Equal-Weight Works With Health Care ETFs

Well-documented has been the ongoing ascent of health care ETFs. The Health Care Select Sector SPDR (NYSEArca: XLV), the largest health care ETF, entered Friday’s session with a 2014 gain of nearly 16%.

With some modest upside to this point in Friday trading, XLV resides just pennies below the all-time high the fund touched earlier in the week. Other health care ETFs have benefited from the sector’s ongoing upside (XLV has more than doubled over the past three years) and that includes plenty of funds that eschew the cap-weighted methodology. [Strategic Health Care Soars]

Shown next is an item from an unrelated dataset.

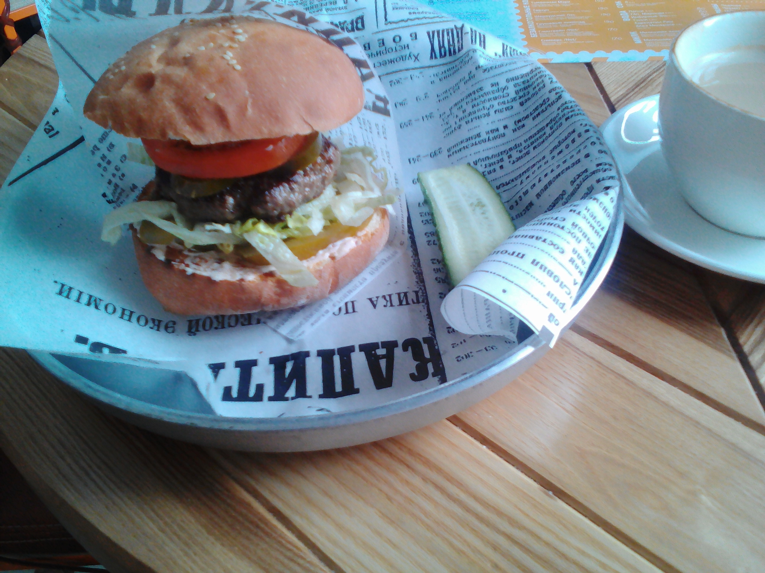 Мальчик в красной клечатой рубашке вежливо принял мой заказ. Долго ждать не пришлось. Мой капучино порадовал своим объемом. Он действительно большой! А вот когда принесли бургер, я немного оробела. Как это есть? Он похож на ядерный гриб. Булки огромные, котлетка маленькая, салат во все стороны. Внимательно оглядев стол, приборов я не обнаружила. Настоящая неприступная башня. Но делать нечего – пришлось покорять.

While there is considerable consternation and debate surrounding the terminology “smart beta” not all non-cap weighted ETFs fit the bill as smart beta. Equal-weight ETFs are just that, equally-weighted. Fortunately, that terminology has been met with considerably less resistance. More importantly, equal-weight ETFs offer opportunity at the sector as highlighted by the Guggenheim S&P Equal Weight Healthcare ETF (NYSEArca: RYH). [Smart Beta: Don’t Hate The ETFs]

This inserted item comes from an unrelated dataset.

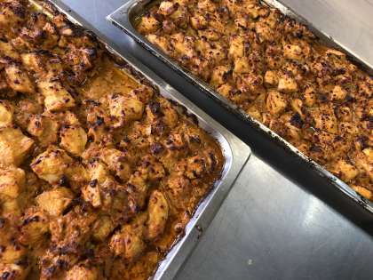 鶏肉に、にんにく、塩、カレー粉、こしょう(粗びき)、マヨネーズ、ケチャップを合わせて焼き物機で焼きました。

RYH has $321.6 million in assets under management, of which $113 million has come into the ETF just this quarter, highlighting investors’ willingness to embrace more than just the usual health care ETF fare.

That willingness has been rewarded as RYH entered Friday with a year-to-date gain of 17.4%. Earlier today, the ETF touched another new all-time high.

“As is the case with other equally weighted funds, RYH offers slightly more of a small- and mid-cap tilt than its market-cap-weighted peers. For example, 25% of RYH’s portfolio consists of mid-cap names, compared with just 5% of XLV and 12% of VHT. RYH is only slightly more volatile than its cap-weighted counterparts,” said Morningstar analyst Robert Goldsborough in a note out earlier this week.